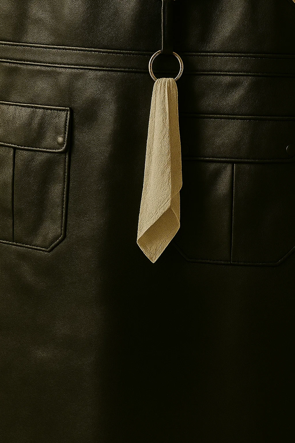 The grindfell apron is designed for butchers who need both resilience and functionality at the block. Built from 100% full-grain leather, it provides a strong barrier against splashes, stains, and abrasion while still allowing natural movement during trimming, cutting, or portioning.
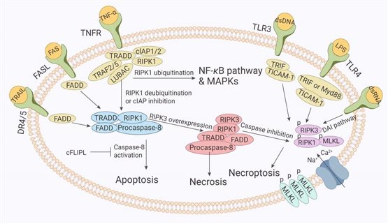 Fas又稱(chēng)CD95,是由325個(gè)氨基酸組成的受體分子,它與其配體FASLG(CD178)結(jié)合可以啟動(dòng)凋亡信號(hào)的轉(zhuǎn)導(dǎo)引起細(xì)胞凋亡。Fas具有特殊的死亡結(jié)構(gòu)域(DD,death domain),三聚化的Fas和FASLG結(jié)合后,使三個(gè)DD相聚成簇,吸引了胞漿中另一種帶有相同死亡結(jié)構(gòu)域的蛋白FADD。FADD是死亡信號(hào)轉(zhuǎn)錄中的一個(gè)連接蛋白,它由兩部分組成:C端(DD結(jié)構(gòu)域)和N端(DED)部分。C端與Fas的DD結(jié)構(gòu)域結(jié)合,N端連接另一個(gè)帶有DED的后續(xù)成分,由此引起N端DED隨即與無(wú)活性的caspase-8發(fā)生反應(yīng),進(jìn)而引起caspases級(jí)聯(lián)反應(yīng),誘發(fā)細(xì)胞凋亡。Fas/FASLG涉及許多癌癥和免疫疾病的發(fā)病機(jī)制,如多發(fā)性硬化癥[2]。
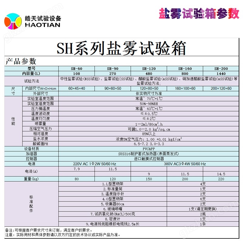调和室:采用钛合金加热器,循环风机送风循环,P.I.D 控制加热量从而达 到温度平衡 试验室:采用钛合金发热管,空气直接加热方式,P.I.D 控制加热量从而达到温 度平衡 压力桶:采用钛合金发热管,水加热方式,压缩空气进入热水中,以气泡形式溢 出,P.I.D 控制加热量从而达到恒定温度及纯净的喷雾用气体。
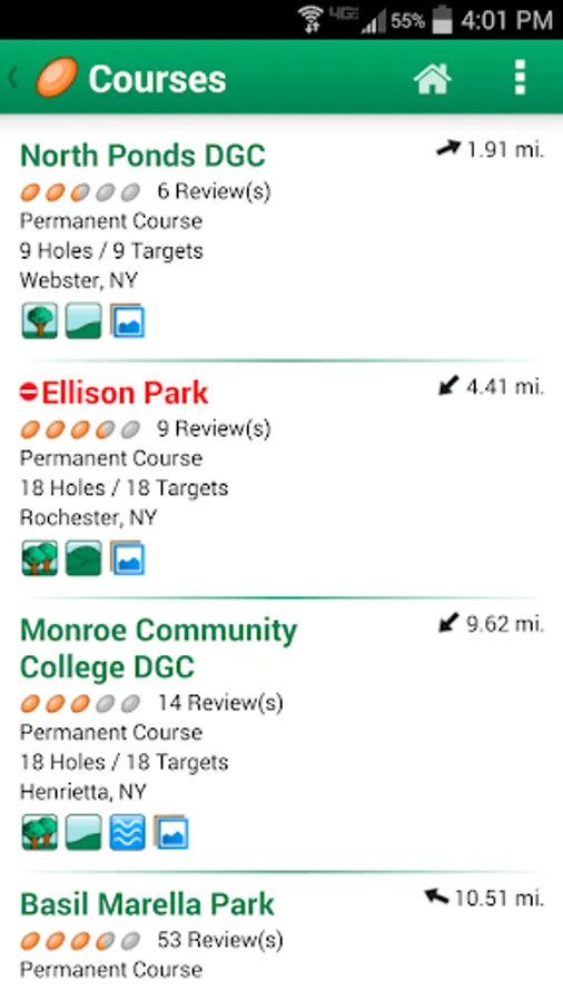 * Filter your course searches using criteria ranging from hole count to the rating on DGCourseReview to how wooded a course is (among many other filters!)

**TASK STATEMENT**
An exact transcript of the listing is needed, free of pictures.

**ANSWER SPACE**
 The grindfell apron is designed for butchers who need both resilience and functionality at the block. Built from 100% full-grain leather, it provides a strong barrier against splashes, stains, and abrasion while still allowing natural movement during trimming, cutting, or portioning.
 Fas又稱(chēng)CD95,是由325個(gè)氨基酸組成的受體分子,它與其配體FASLG(CD178)結(jié)合可以啟動(dòng)凋亡信號(hào)的轉(zhuǎn)導(dǎo)引起細(xì)胞凋亡。Fas具有特殊的死亡結(jié)構(gòu)域(DD,death domain),三聚化的Fas和FASLG結(jié)合后,使三個(gè)DD相聚成簇,吸引了胞漿中另一種帶有相同死亡結(jié)構(gòu)域的蛋白FADD。FADD是死亡信號(hào)轉(zhuǎn)錄中的一個(gè)連接蛋白,它由兩部分組成:C端(DD結(jié)構(gòu)域)和N端(DED)部分。C端與Fas的DD結(jié)構(gòu)域結(jié)合,N端連接另一個(gè)帶有DED的后續(xù)成分,由此引起N端DED隨即與無(wú)活性的caspase-8發(fā)生反應(yīng),進(jìn)而引起caspases級(jí)聯(lián)反應(yīng),誘發(fā)細(xì)胞凋亡。Fas/FASLG涉及許多癌癥和免疫疾病的發(fā)病機(jī)制,如多發(fā)性硬化癥[2]。
调和室:采用钛合金加热器,循环风机送风循环,P.I.D 控制加热量从而达 到温度平衡 试验室:采用钛合金发热管,空气直接加热方式,P.I.D 控制加热量从而达到温 度平衡 压力桶:采用钛合金发热管,水加热方式,压缩空气进入热水中,以气泡形式溢 出,P.I.D 控制加热量从而达到恒定温度及纯净的喷雾用气体。
 * Filter your course searches using criteria ranging from hole count to the rating on DGCourseReview to how wooded a course is (among many other filters!)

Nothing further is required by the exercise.